-------- Source material

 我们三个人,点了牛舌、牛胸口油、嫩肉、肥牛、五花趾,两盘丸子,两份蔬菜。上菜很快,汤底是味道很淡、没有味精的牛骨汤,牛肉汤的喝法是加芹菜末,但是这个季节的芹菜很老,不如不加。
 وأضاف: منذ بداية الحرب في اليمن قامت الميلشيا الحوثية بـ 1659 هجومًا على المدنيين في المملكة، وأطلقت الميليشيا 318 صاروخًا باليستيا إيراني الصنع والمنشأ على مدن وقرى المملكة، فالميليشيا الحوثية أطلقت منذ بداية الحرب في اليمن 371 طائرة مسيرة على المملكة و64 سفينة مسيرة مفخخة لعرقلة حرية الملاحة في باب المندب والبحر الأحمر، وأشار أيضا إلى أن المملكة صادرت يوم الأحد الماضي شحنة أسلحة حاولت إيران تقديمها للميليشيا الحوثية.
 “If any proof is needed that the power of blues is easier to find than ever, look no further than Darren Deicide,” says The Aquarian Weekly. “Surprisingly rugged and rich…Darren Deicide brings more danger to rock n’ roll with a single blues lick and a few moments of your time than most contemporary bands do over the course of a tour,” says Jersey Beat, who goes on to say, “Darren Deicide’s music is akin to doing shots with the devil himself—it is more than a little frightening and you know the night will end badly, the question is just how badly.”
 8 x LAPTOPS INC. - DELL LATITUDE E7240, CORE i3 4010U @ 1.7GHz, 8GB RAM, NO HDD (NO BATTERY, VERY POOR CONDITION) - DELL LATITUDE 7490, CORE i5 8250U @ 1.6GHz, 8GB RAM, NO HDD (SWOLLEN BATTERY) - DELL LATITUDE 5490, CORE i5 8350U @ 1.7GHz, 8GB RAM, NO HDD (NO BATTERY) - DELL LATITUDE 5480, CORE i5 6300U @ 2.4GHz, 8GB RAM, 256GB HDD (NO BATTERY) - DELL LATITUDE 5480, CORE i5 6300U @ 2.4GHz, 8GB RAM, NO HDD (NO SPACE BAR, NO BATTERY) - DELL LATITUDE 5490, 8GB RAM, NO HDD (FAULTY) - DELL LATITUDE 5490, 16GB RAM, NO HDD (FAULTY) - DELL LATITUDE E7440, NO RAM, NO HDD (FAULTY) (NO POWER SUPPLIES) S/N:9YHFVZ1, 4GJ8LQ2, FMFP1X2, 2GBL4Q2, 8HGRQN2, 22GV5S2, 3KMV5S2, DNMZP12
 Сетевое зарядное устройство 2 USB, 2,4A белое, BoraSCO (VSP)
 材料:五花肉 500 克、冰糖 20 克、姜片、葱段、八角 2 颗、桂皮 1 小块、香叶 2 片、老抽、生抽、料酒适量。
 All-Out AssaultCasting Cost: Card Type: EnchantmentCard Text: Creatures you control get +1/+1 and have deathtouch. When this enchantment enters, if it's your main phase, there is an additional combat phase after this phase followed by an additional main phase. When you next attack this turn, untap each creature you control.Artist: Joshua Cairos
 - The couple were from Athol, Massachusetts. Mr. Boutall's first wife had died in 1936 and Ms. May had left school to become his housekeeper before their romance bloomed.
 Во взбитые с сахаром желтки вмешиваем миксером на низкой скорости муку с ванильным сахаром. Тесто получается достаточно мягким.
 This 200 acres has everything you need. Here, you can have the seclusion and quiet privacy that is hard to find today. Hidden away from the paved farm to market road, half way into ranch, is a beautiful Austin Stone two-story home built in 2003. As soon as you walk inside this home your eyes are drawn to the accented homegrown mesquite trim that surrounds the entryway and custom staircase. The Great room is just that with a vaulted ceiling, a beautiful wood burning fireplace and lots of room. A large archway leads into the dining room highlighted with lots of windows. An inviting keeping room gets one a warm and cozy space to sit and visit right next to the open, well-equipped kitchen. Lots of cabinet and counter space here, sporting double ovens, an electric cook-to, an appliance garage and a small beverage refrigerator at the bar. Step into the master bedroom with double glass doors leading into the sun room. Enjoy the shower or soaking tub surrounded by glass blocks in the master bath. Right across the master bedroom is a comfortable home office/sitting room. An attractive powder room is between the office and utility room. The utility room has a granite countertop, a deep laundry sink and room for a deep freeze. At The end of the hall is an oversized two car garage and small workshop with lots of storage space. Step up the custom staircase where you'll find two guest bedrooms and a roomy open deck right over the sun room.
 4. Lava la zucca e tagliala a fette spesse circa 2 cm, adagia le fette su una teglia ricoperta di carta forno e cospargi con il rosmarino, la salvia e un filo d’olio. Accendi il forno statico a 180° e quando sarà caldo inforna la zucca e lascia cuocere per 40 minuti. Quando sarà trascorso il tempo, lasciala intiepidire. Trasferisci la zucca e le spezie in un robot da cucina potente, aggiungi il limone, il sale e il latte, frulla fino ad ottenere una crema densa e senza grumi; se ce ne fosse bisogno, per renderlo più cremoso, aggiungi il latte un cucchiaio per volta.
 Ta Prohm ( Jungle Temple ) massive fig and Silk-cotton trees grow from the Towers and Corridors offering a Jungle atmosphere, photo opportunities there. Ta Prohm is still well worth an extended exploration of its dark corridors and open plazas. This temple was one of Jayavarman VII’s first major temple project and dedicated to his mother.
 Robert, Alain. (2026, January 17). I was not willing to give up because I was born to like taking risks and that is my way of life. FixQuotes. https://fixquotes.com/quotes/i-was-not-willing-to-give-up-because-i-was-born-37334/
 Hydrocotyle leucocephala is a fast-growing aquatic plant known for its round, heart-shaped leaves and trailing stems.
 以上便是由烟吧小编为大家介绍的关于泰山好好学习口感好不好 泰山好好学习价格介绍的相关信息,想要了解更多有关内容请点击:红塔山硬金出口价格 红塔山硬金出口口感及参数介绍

----------------

Starting at the line that contains "Hydrocotyle leucocephala is", copy every line down to the last line of the records above, exactly as written.

• Your response:
 Hydrocotyle leucocephala is a fast-growing aquatic plant known for its round, heart-shaped leaves and trailing stems.
 以上便是由烟吧小编为大家介绍的关于泰山好好学习口感好不好 泰山好好学习价格介绍的相关信息,想要了解更多有关内容请点击:红塔山硬金出口价格 红塔山硬金出口口感及参数介绍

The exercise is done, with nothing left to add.